A self-insured (or self-funded) plan, on the other hand, means the employer takes on the risk directly. Instead of paying fixed premiums, they pay for health claims out-of-pocket as they arise, usually with the help of a third-party administrator (TPA).Â
This allows for more customization and potential cost savings, but also introduces financial risk if claims are higher than expected.
| Feature | Fully-Insured Plan | Self-Insured Plan |
| Financial Risk | The employer bears it | Employer bears it |
| Plan Customization | Limited | Highly customizable |
| Budget Predictability | High | Variable based on claims |
| Regulation | State-regulated | ERISA-regulated (federal) |
| Claims Handling | By insurer | By employer or TPA |
Fully-insured examples
Let’s look at a few simple examples of fully-insured health benefits plans in practice:
- Mid-sized tech company: The company partners with a national insurance carrier (e.g., UnitedHealthcare) to provide medical, dental, and vision plans to its employees. The HR team pays a monthly premium based on employee headcount, and the insurance provider handles all claims and administrative work.
- Retail chain: A regional retail company with 200 employees opts for a fully-insured plan to avoid the unpredictability of medical claims. They pay a predictable premium each month, and employees get access to a set of network hospitals and doctors under the insurer’s policy.
These examples show how fully-insured models are common in businesses that value stability, minimal administrative work, and legal protection from large claims.
What are the responsibilities of the employer and employee under a fully insured health plan?
Employer responsibilities
- Select a health benefits plan from an insurance provider.
- Pay monthly premiums for each covered employee.

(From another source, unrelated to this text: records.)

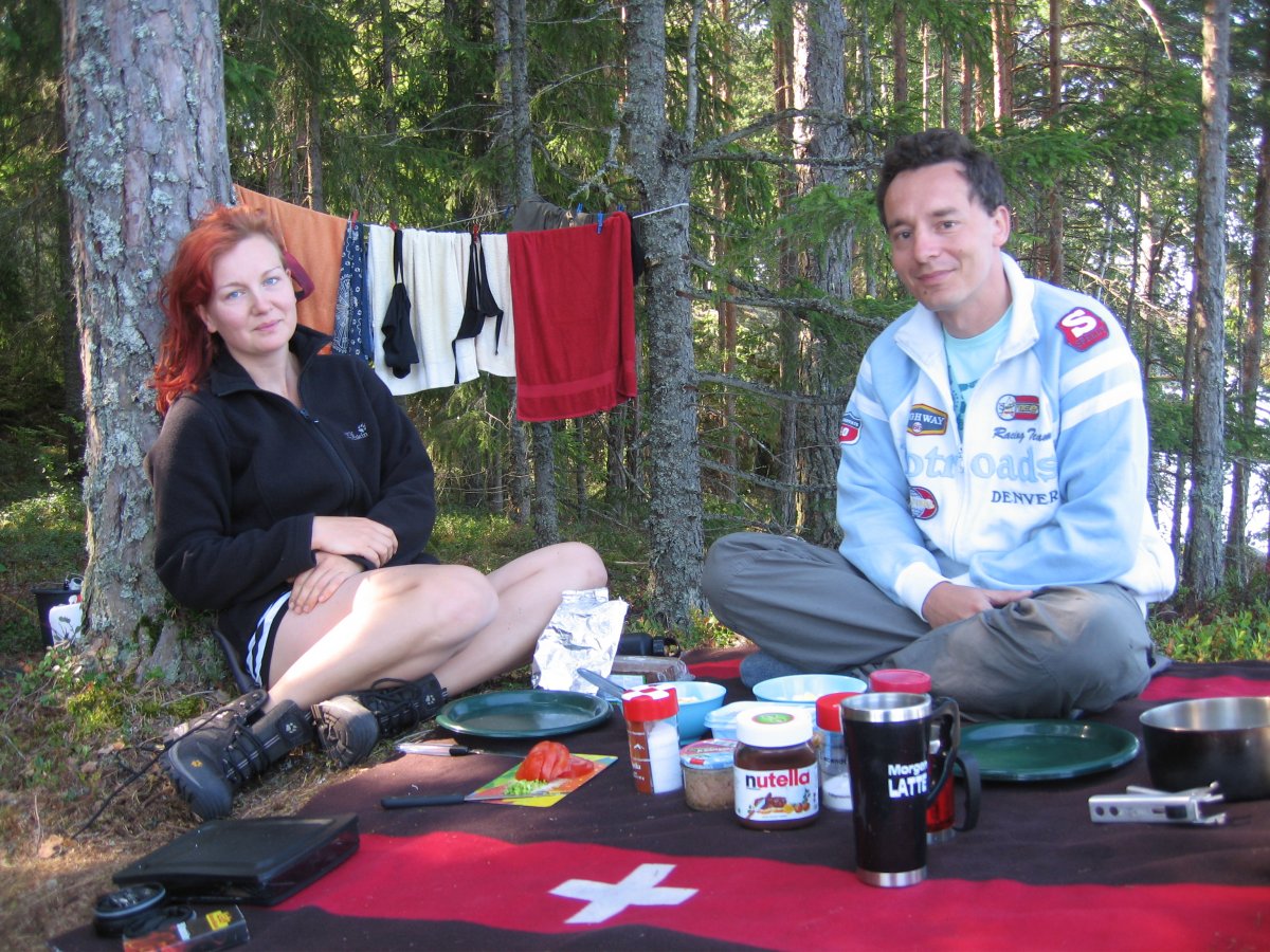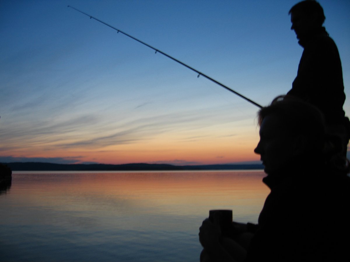 Sogar das obligatorische Angeln wurde täglich, wenn auch recht erfolglos, Bestandteil der Abendgestaltung. (Übrigens steigen Blasen auf, wenn Fische dich auslachen. Da bin ich mir ziemlich sicher.) Trotzdem bekamen wir zum Schluss doch noch unseren Fisch zum Abendessen (und dabei meine ich nicht nur die Konserve aus der Proviantbox). Ein älteres schwedisches Paar hatte unsere glücklosen Versuche gesehen und schenkte uns kurzerhand ihren, vor unseren Augen aus dem Wasser gezogenen Fang.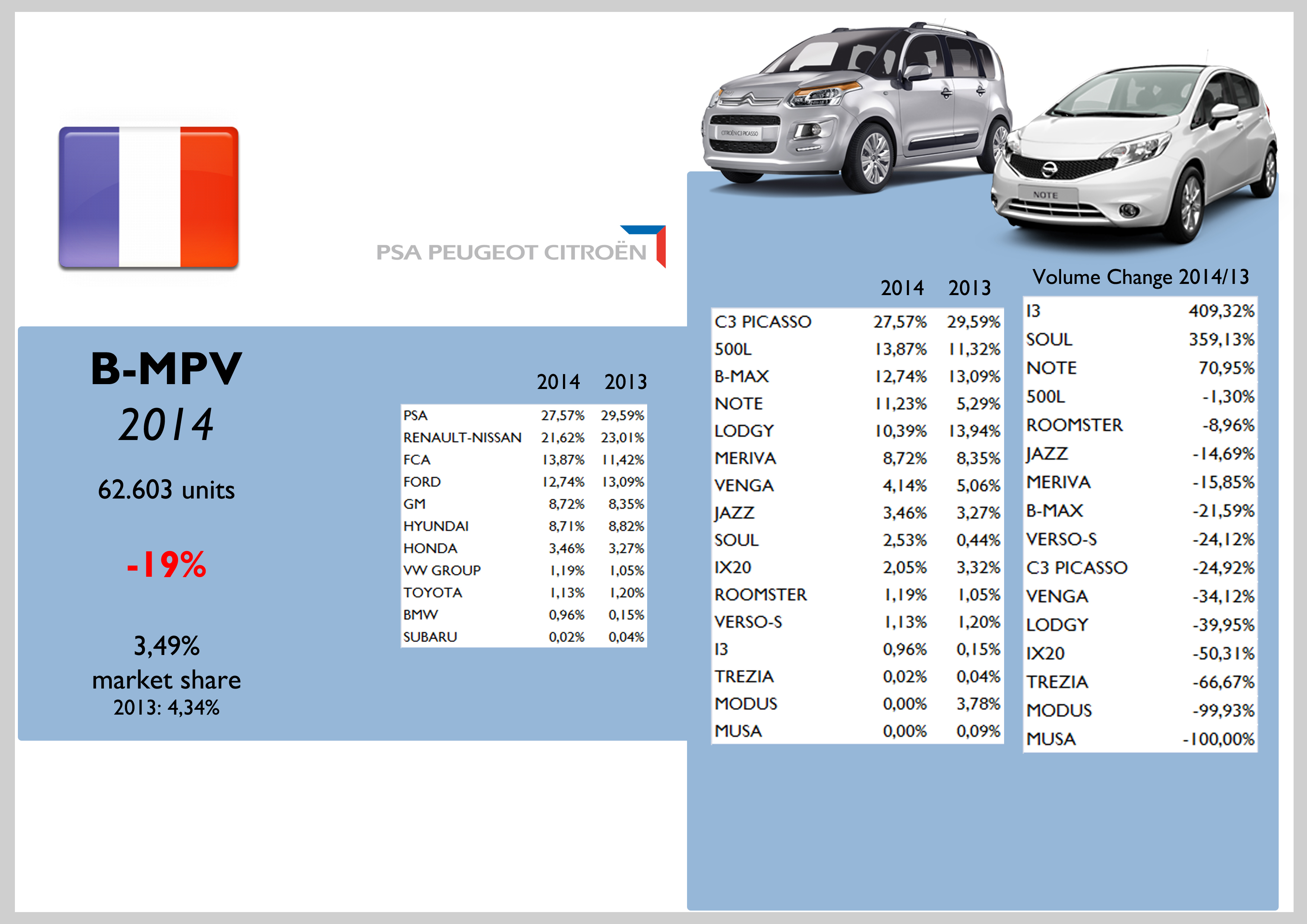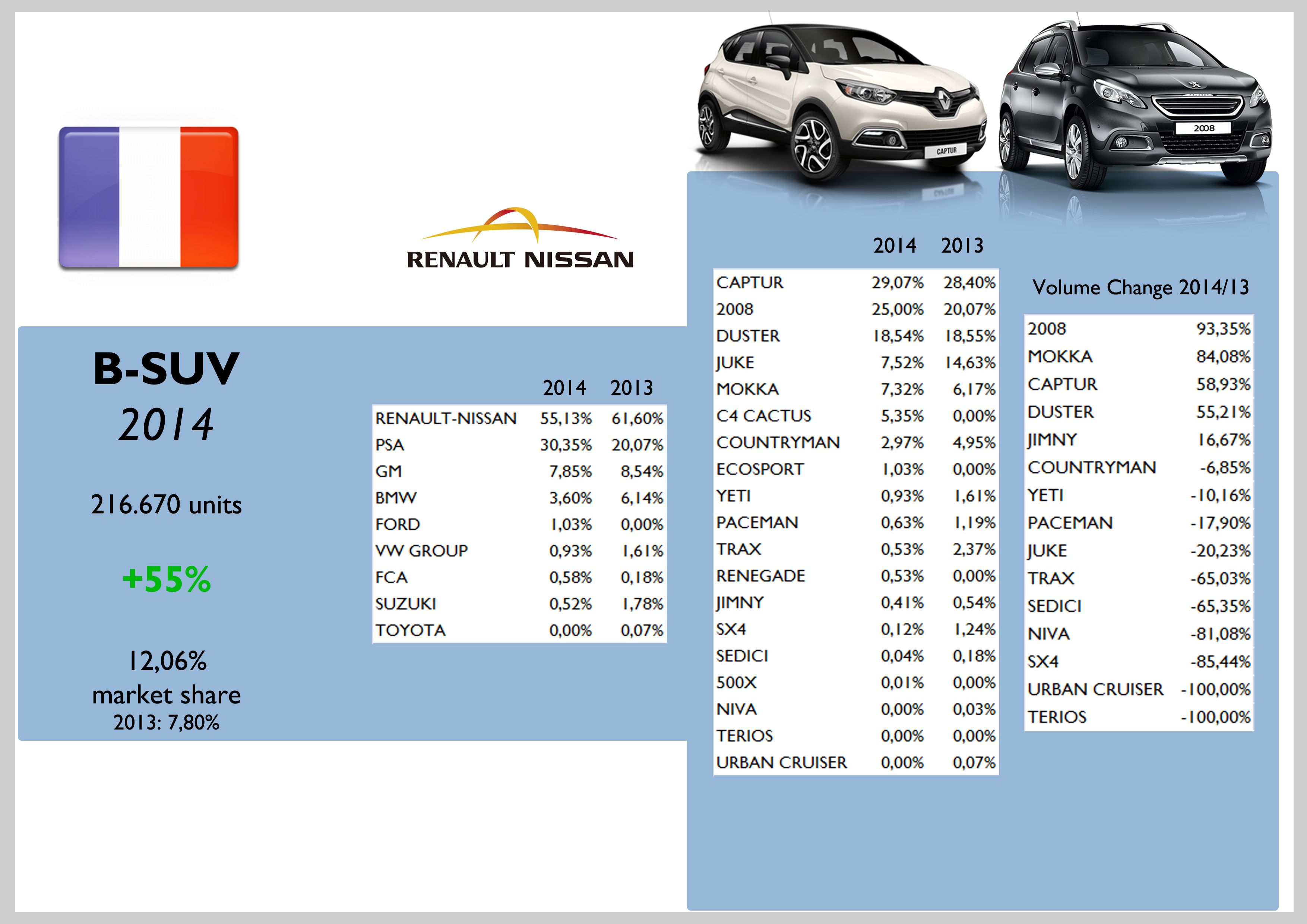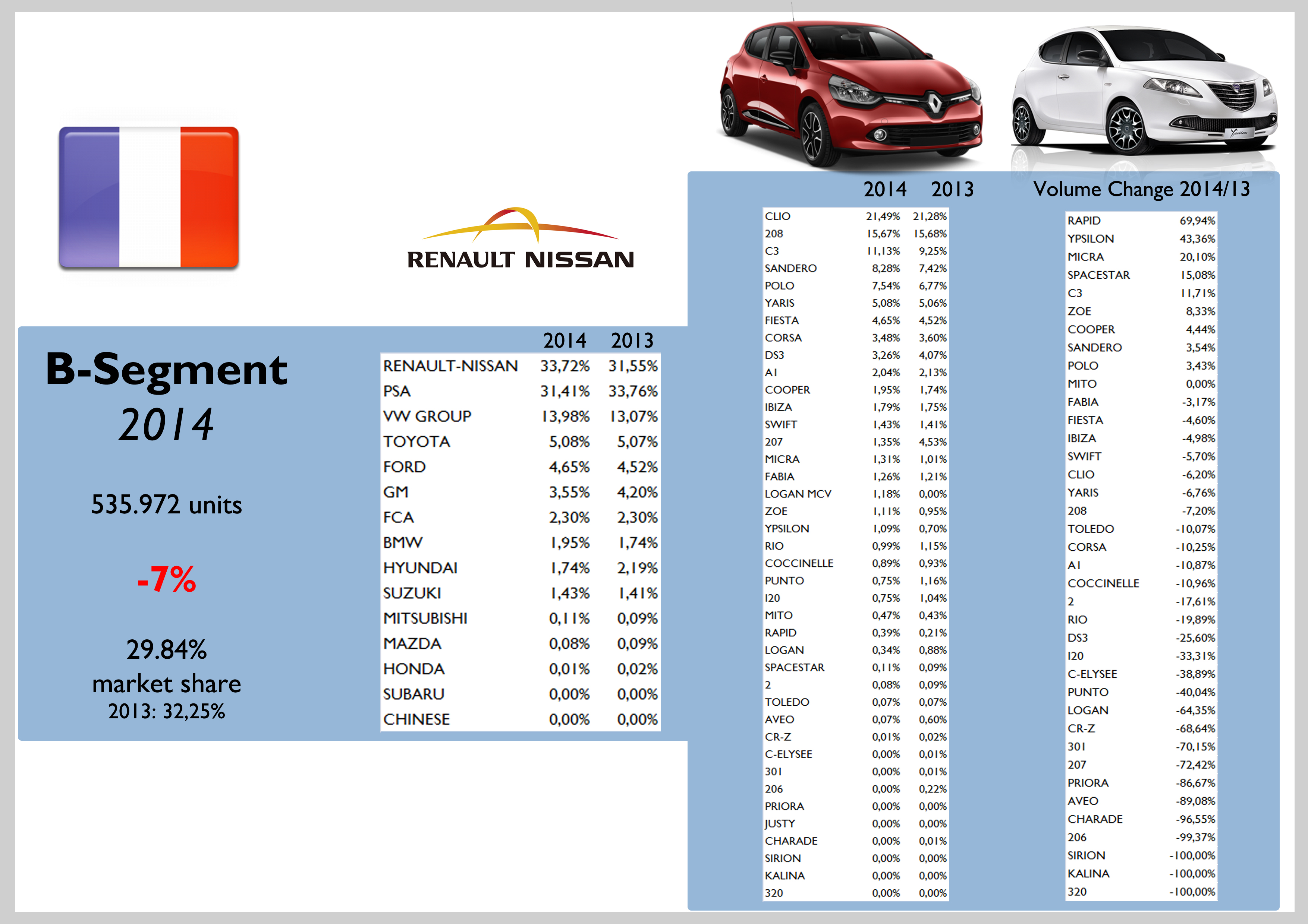 Last year passenger car sales remained stable in France, with the 2 local car makers increasing their share up to 59% of total market. As it is happening in other European markets, SUVs continue to gain share while city-cars and subcompact cars (A and B segments) registered falls in their demand. The B-SUV (+55%) had a direct impact on the registrations of those segments. FCA along BMW and Daimler, were the only big foreign car makers to post positive growths during 2014. VW Group, Ford, GM, Toyota and Hyundai lost market share. FCA sold 63.000 cars, up a tiny 1,2% thanks to the great job of Jeep brand and Lancia (France was perhaps the only market where its sales went up). Due to the success of the Maserati Ghibli (in terms of demand growth) and the Jeep range, the segments within the group to post the best results were the E and SUV ones. Anyway total sales continue to rely on the city-cars (almost half of the total). The 500 counted for a big 35% of FCA’s sales in France. The Lancia Ypsilon demand advanced an incredible 43% outselling the Fiat Punto and the Alfa Romeo Giulietta. The Jeep Renegade occupied the 8th position in FCA’s ranking by model.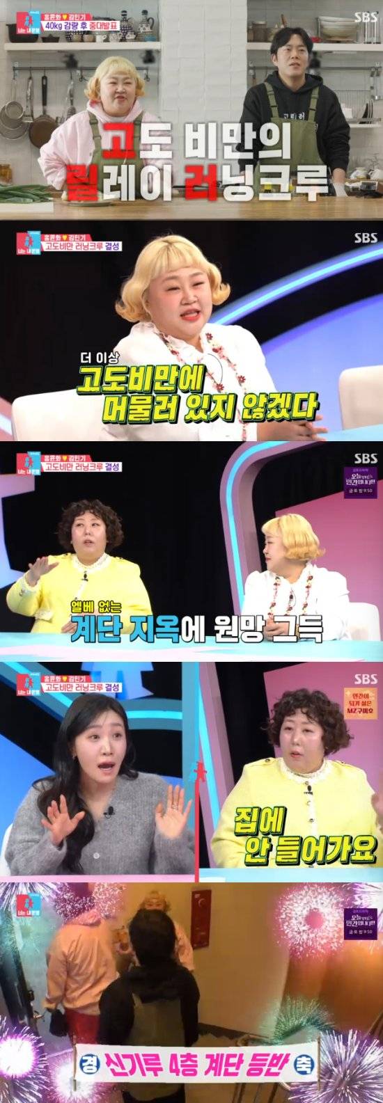 이날 홍윤화는 신기루, 풍자를 초대한 후 "오늘은 먹으려고 부른게 아니다. 고릴러(고도비만의 릴레이 러닝크루) 1기 창단식"이라면서 "도비만에 머물러있지 않기 위해서 러닝을 하려고 한다. 운동을 많이 할 계획"이라고 말해 신기루와 풍자를 실망시켰다.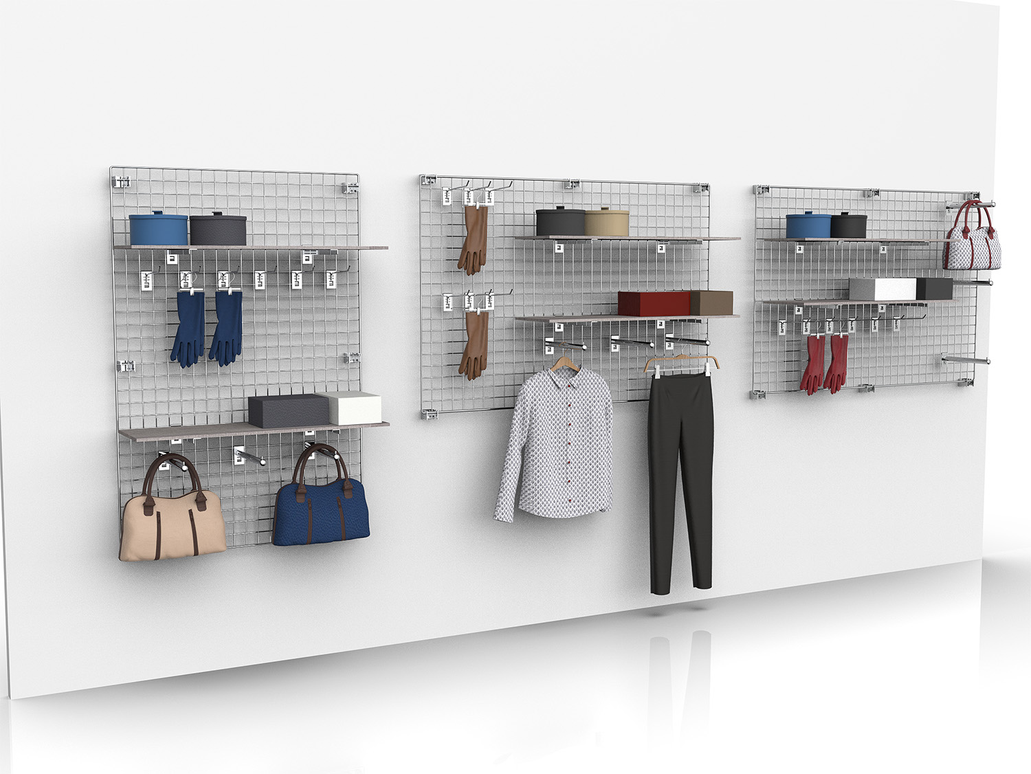 Das moderne Deko Wandgitter in weiß ist optimal in jeder Textil Ladeneinrichtung im Einzelhandel einsetzbar.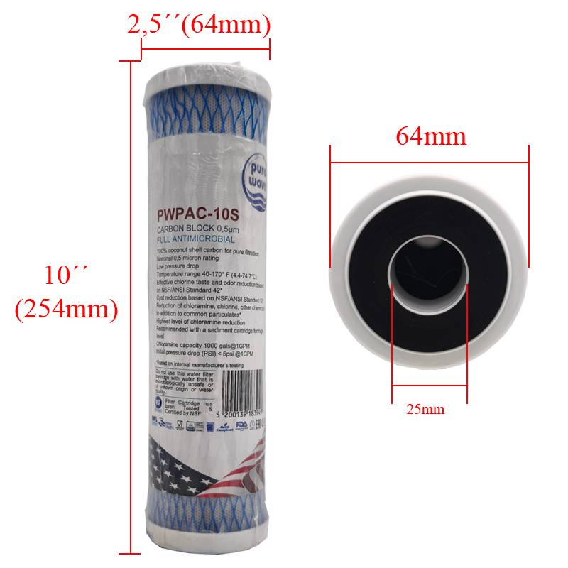 Φίλτρο Συμπαγούς Ενεργού Άνθρακα PWPAC-10S της Purewave, το φίλτρο ενεργού συμπαγούς άνθρακα από πρώτες ύλες υψηλής ποιότητας με πλήρες αντιμικροβιακή δράση. Το φίλτρο PWPAC-10S της Purewave, το οποίο είναι κατασκευασμένο από 100% κέλυφος καρύδας, προσφέρει προστασία από μια σειρά μολυσματικών παραγόντων του νερού βρύσης, με έμφαση στην αποτελεσματική απομάκρυνση του μόλυβδου καθώς και των κυστών έως και 0,5 micron. Το συστατικό μπλοκ άνθρακα που περιέχει απομακρύνει αποτελεσματικά βαρέα μέταλλα, όπως μόλυβδο, χαλκό, υδράργυρο και στρόντιο.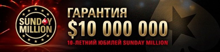 Для того, чтобы отпраздновать 10-ю годовщину проведения мероприятий флагмана своего продуктового ряда, турниров Sunday Million, крупнейший онлайн-покер-рум мира PokerStars проведёт специальный турнир с эксклюзивно увеличенным до 10 млн. дол. гарантированным призовым фондом (ГПФ), 1 млн. дол. из которых будет вручен чемпиону, в качестве 1-го приза.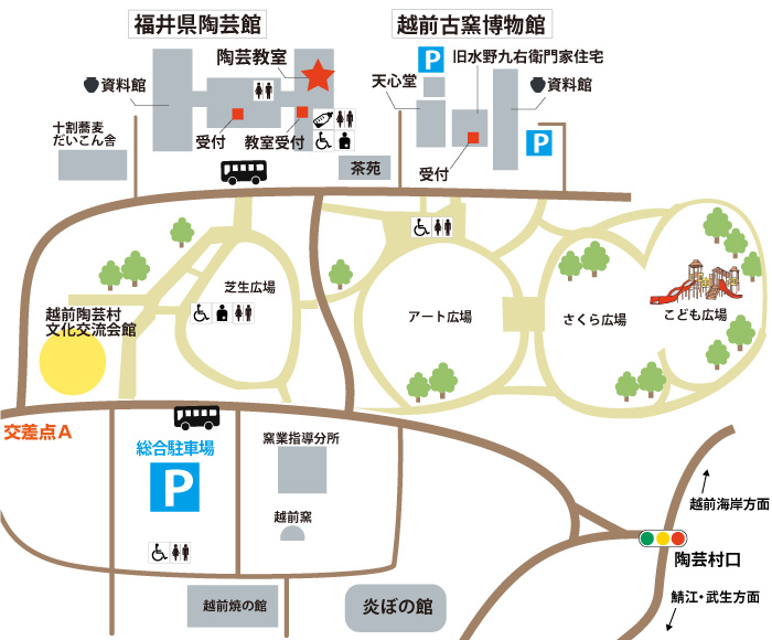 バスでお越しの際は、交差点Aで右折し福井県陶芸館前で一時停車して乗降していただけます。

- Deduct the employee’s share (if any) from payroll.
- Distribute plan documents and comply with federal/state benefits regulations.
- Coordinate with the insurance provider for open enrollment and coverage updates.
Employee responsibilities
- Review and enroll in a suitable health plan option during the enrollment period.
- Pay their portion of the premium, usually deducted from their paycheck.
- Understand coverage details, including co-pays, deductibles, and network limitations.
- File claims (if needed) or check claims through the insurer’s portal.
The insurer manages claim processing, negotiations with providers, and compliance reporting, reducing the employer’s administrative burden.
Fully-insured vs. ASO (Administrative Services Only)
An ASO arrangement is a middle ground between fully-insured and self-insured plans. Here, the employer funds the claims (like in a self-insured model) but hires an insurance company or TPA to administer the health benefits plan. However, the risk of claims still lies with the employer.
| Aspect | Fully-Insured Plan | ASO Arrangement |
| Who pays for claims? | Insurance company | Employer |
| Who handles administration? | Insurance company | Insurance company or TPA |
| Financial risk | Low (risk on insurer) | High (risk to the employer) |
| Customization | Limited | More flexible |
In short, a fully-insured plan provides coverage and administration, while an ASO only provides the administrative side, making the employer responsible for funding claims.